A: Generally speaking, family’s only stay for the beginning of the cremation as the entire process itself takes between three and four hours. At different times during the cremation the chamber has to be opened and closed again for repositioning of the remains, and it is not recommended that the family be present for this.

Q: I plan on scattering the ashes, so I don’t need an urn, right?
A: Keep in mind that scattering cremated remains is a ceremony that you want to be pleasant. Depending on where and how you intend to scatter the remains there will be a few environmental factors to content with such as wind, the presence of the public, etc. To help ameliorate any of these potential difficulties Solie offers a variety of urns for these purposes including decorative scattering tubes, water soluble “journey” urns, and an engraved walnut scattering urn that may be kept as a personal keepsake after the scattering ceremony.

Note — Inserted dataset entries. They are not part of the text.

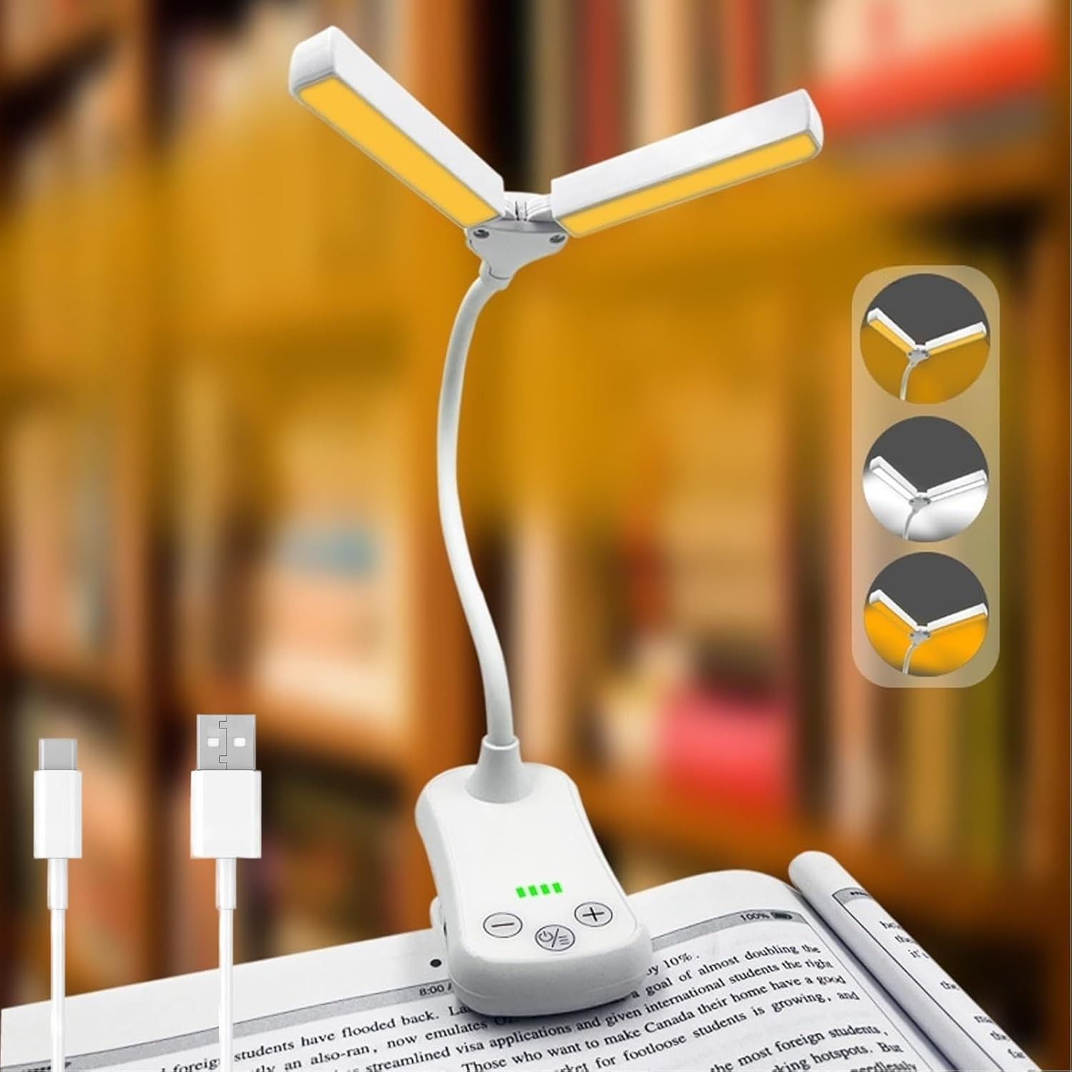 14 LED Rechargeable Book Light for Reading in Bed, Double-Headed Clip On Lamp w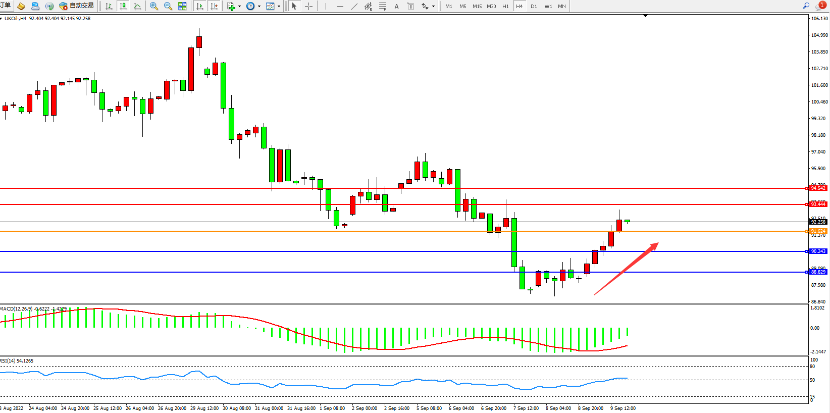布油UKOil——4小时K线图显示: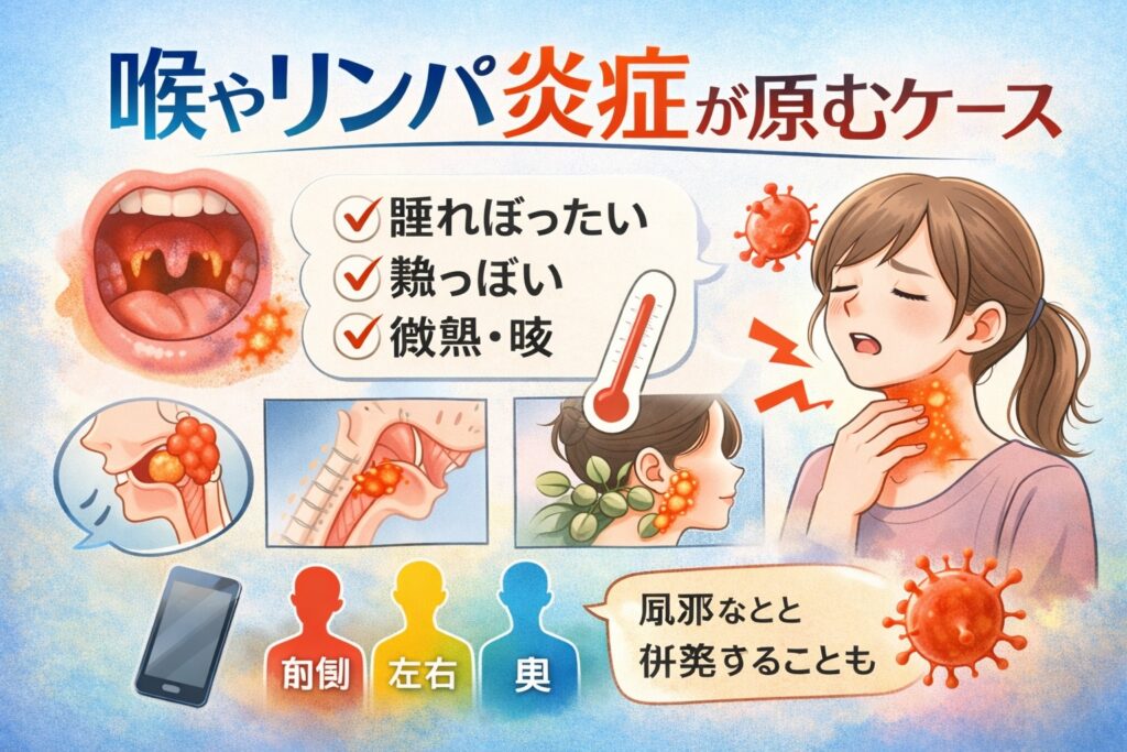 これらが当てはまる場合、喉やリンパの炎症が関与している可能性があると考えられています。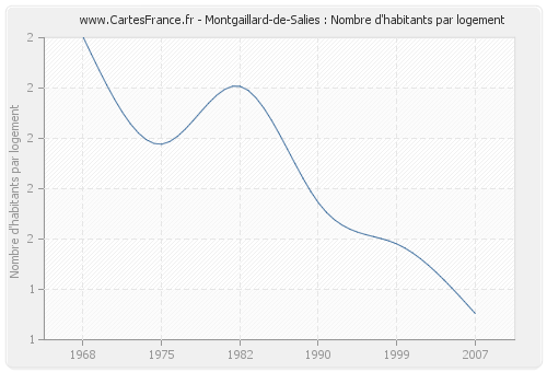 - Nombre d'habitants moyen par logement de Montgaillard-de-Salies en 2007 : 1,36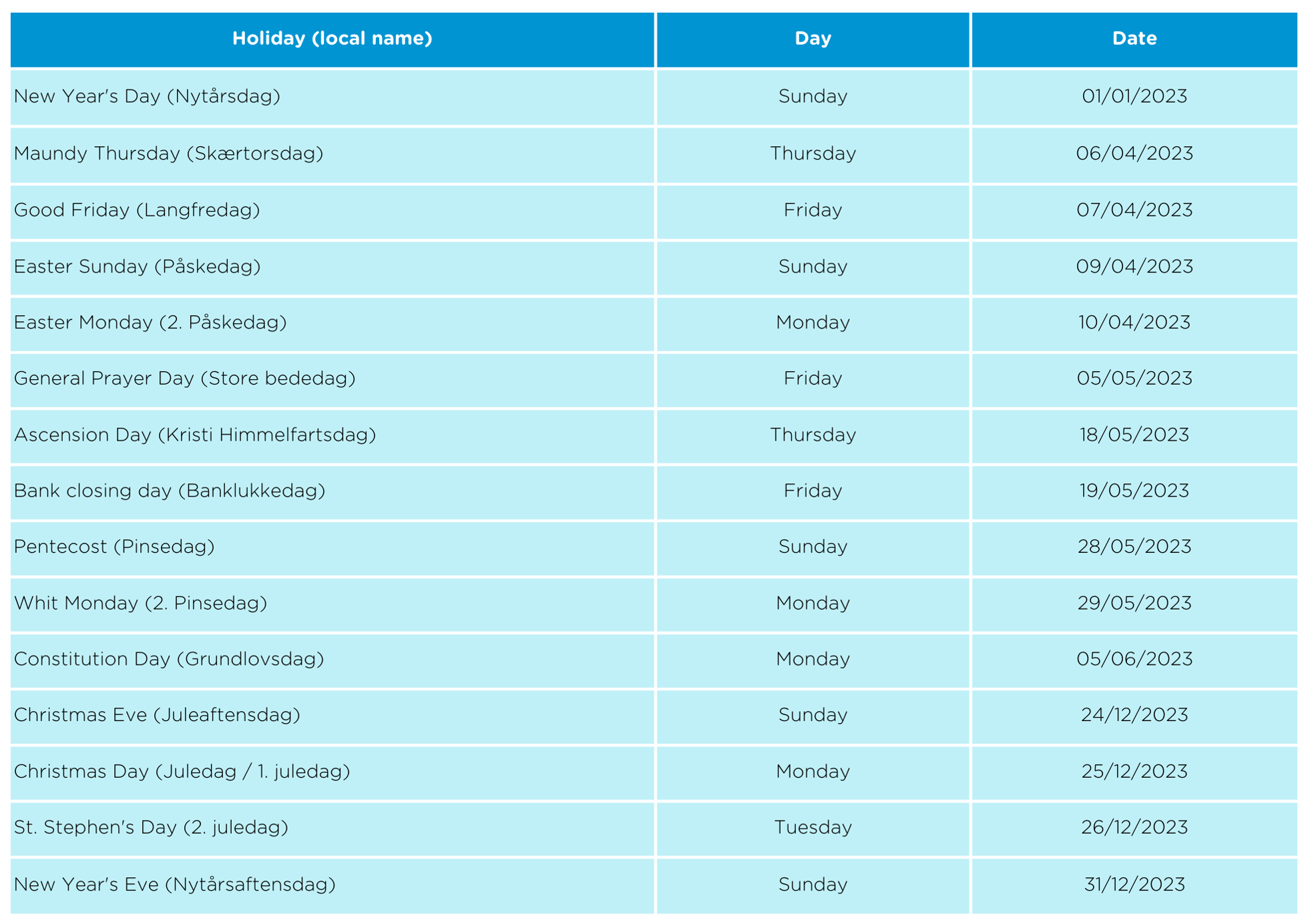 Table 5: Public holidays in Denmark

Q:  Where can I scatter cremated remains in Washington?
A:  You may scatter cremated remains on: National parks, after receiving permission from the Chief Park Ranger.  State trust uplands, after receiving permission from the regional manager for each scattering. Public navigable waters under state control, including Puget Sound, Strait of Juan de Fuca, rivers, streams, and lakes.  The Pacific Ocean beyond the mean lower low water mark. These scatterings must follow U.S. Environmental Protection Agency’s General Permit for Burial at Sea. This includes reporting the burial within 30 days to the Regional Administrator of the U.S. Environmental Protection Agency, Region 10, 1200 Sixth Avenue, Seattle, WA 98101.  Private land, with the permission of the land owner.

Q:  What is the proper way to scatter cremated remains?
A:  Don’t drop or throw the urn containing the cremated remains. Scatter only the contents. Pour the cremated remains out of the container and dispose of the container separately. There is usually a second identification label and/or a numbered metal disc inside the container. Keep this and dispose of it separately with the container.